Critics argue that Trump’s 2018 decision to withdraw from the international nuclear agreement with Iran paved the way for these developments, while Secretary of State Blinken highlighted that one of Biden’s achievements has been deterring Tehran from acquiring a nuclear bomb. Upon returning to office, Trump will face the decision of whether to negotiate a new nuclear agreement with Iran or to authorize military strikes on Iranian nuclear sites.
“The approach to Iran will significantly influence Trump’s broader regional strategy,” noted Jonathan Panikoff, a former U.S. deputy national intelligence officer for the Middle East. Additionally, Trump will need to address the ongoing threat from Yemen’s Houthis, who have been launching missiles at shipping in the Red Sea and targeting Israel for over a year. Biden’s military actions, coordinated with U.S. allies, have not succeeded in neutralizing the Houthi threat.
While recognizing that the Middle East is still “fraught with danger,” Blinken, in his concluding policy address, highlighted achievements he attributed to the administration, such as facilitating a U.N.-brokered ceasefire in Yemen’s civil conflict, bolstering the international coalition against the Islamic State, and enhancing regional cooperation.
SAUDI-ISRAEL NORMALIZATION EFFORT DISRUPTED
Sullivan faced significant criticism from Biden’s opponents following the Hamas attack on October 7, 2023, particularly for his remarks made just over a week prior, stating that the Middle East “is quieter today than it has been in two decades,” despite acknowledging ongoing challenges.
Although Sullivan later clarified his statements to NBC News, emphasizing they were based on recent regional trends and asserting that the administration remained focused, the long-standing Israeli-Palestinian conflict disrupted Biden’s international agenda.
In the wake of the Hamas assault, which resulted in the deaths of 1,200 individuals in Israel and the abduction of over 250 hostages, Biden, who identifies as a “Zionist,” became the first U.S. president to visit Israel during a time of war.
He subsequently maintained a consistent supply of arms to Israel for its stated mission to dismantle Hamas, which is backed by Iran, despite ongoing resistance from Netanyahu regarding U.S. calls to mitigate civilian casualties and alleviate the humanitarian situation in Gaza.

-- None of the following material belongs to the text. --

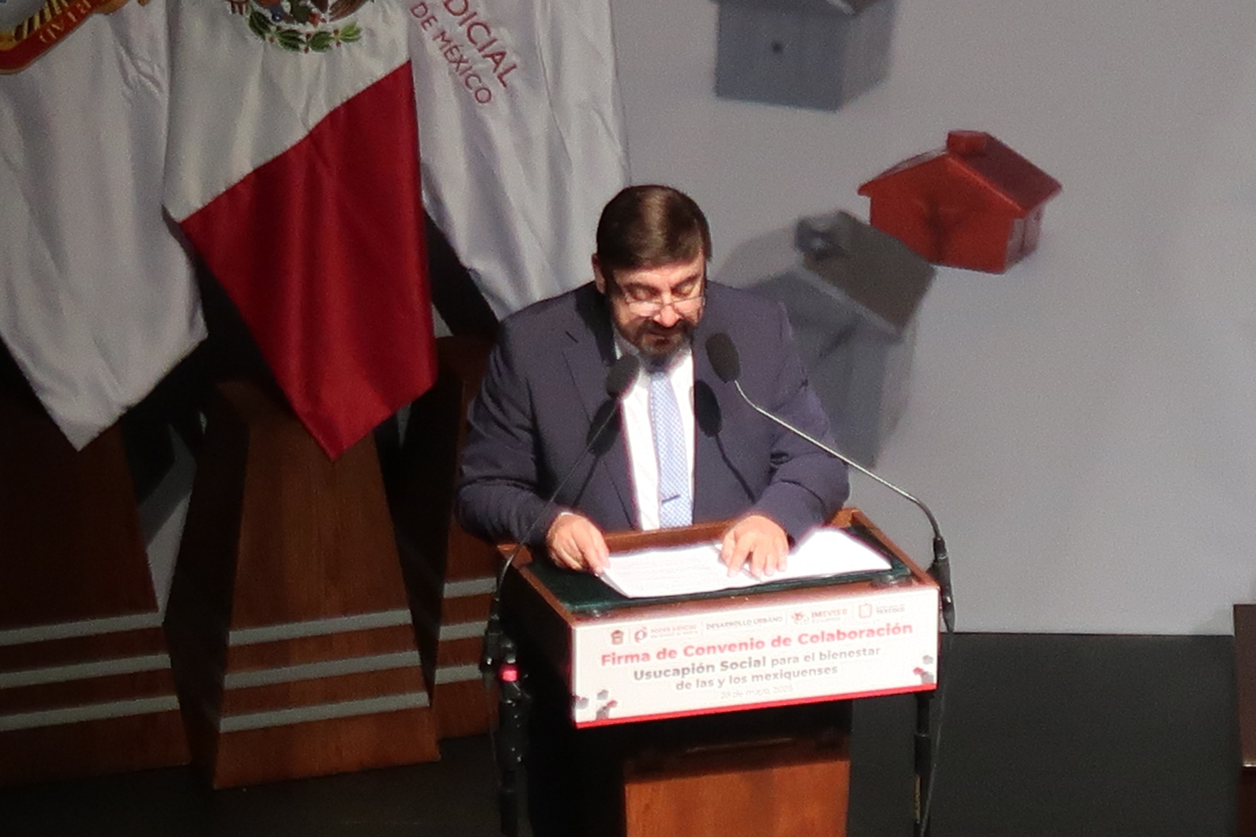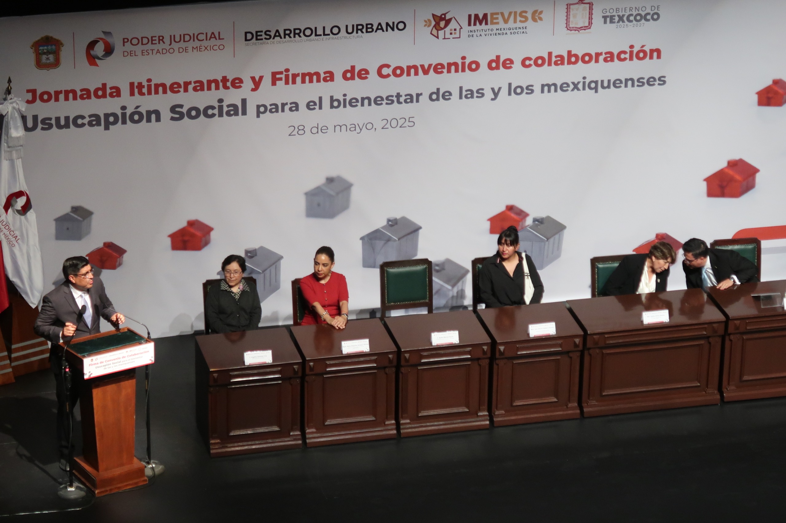 Durante la ceremonia el Gobierno del Estado de México y el Poder Judicial firmaron Convenio de Colaboración de Usucapión Social para el Bienestar de las y los Mexiquenses, con la finalidad de dar certeza jurídica patrimonial a miles de familias de esta entidad.

Biden’s reluctance to leverage U.S. influence as Israel’s primary arms supplier has estranged numerous Arab American voters and created significant unrest within the U.S. diplomatic community. “Gaza will be the legacy,” remarked Mike Casey, a former State Department official with 15 years of experience as a foreign service officer, who was among those who resigned in protest. “They will uncover bodies in the debris. People will continue to suffer from disease… It will always circle back to him.” The White House did not provide a response to inquiries regarding criticism of its policy on Gaza.

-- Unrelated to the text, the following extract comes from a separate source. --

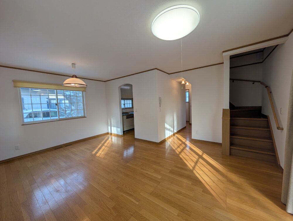 • リビング 複数の窓から光が差し込む明るいLDK。階段・廊下・キッチンが一体となった開放的な空間です。
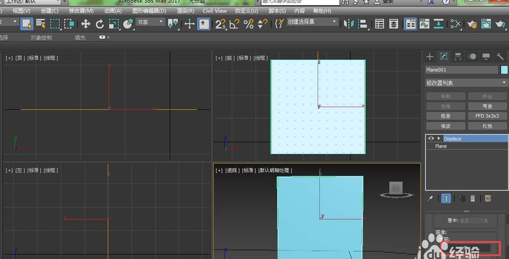 5、然后在置换下面,将强度改为一定值,会发现平面变成凹凸不平的形状。

Simultaneously, the conflict in Gaza has hindered Biden’s attempts to facilitate a historic normalization agreement between Israel and Saudi Arabia, which would include U.S. security assurances for the kingdom. Some Arab nations are now observing whether Trump, who previously established diplomatic relations between Israel and several Arab countries through the Abraham Accords during his first term, will renew normalization initiatives and adopt a firmer stance against Iran.
Within Trump’s circle, there is a belief that an Israeli-Saudi agreement remains feasible, according to a source familiar with the discussions. However, despite some Arab allies maintaining relatively distant relations with Biden, they remain cautious of Trump due to his previous reluctance to pressure Netanyahu towards a pathway for Palestinian statehood, a longstanding Saudi prerequisite for normalization with Israel. “Biden hasn’t been perceived as the Arab world’s best ally,” stated a Middle East diplomat in Washington. “Yet, we are still uncertain about what to anticipate from Trump 2.0.”